Yet there are other extremely important clauses in the treaty that seem to go unenforced. I am thinking particularly of articles 104 to 109--important articles relating to balance of payments disequilibria. The intention of the treaty is clear : member states should not run large balance of payments deficits or surpluses, especially not with one another, and action should be taken to tackle such imbalances. Anyone considering the problem of European trade between member states would immediately spot one large structural problem : the German surplus. I have written to the Commission, and have been told that it is a difficult problem and one which the Commission would not like to tackle under the treaty articles, because it is too busy tackling others under other treaty articles. The existence of the exchange rate mechanism, with the particular parities chosen for the deutschmark, may be one of the causes of the persistent German surplus with almost all the other member states ; the mechanism may be an actual violation of articles 104 to 109, which clearly state that balance of payments disequilibria must be dealt with promptly and recognise that monetary and currency measures may be required as part of a package to deal with the problem.
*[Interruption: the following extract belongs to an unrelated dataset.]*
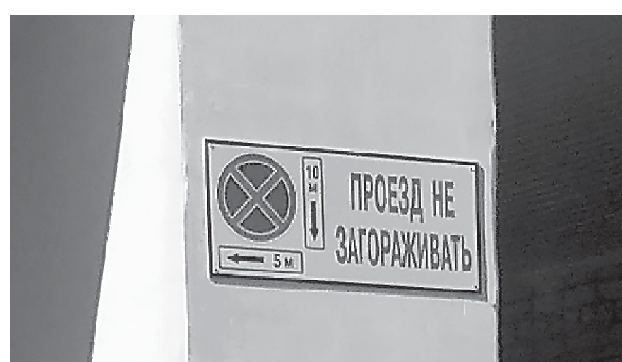
Фото 4-5. МАОУ «Средняя школа № 1 имени И.И. Марьяна», г. Красноуфимск
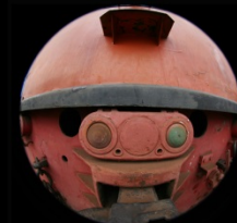
Mr T 50 X 40 PHOTO PAPER

I welcome the Commission's attempt in recent years to enforce articles 92 and 93 on state aids. Important work can be done to ensure fair trade between member states, and that means that the subsidies paid to certain industries--espcially certain public enterprises--need to be rolled back, so that it is fair for an entrepreneurial business in Britain to compete with a nationalised enterprise in France in the knowledge that the latter will not be unduly favoured by massive subsidy or other protection. The Commission has taken welcome steps in that direction in some recent cases. I hope that the British Government will demand that those articles are strictly enforced, and that the unfair trading practices that remain are given greater prominence when the Commission does its work to see that competition is triumphant.

What concerns the House most is, of course, the problem of scrutiny, and our Parliament faces a severe difficulty in that regard. Matters often come before the House late, when positions have already been adopted by British Ministers attending the Council of Ministers, and common positions may have been adopted in Europe itself. The House is then in the invidious position of having to debate a matter on which a decision has effectively been made, and nothing can be done. I hope that, when reviewing scrutiny procedures, the Government will take seriously all the comments by right hon. and hon. Members on both sides of the House who would like such matters to be debated before common positions have been adopted.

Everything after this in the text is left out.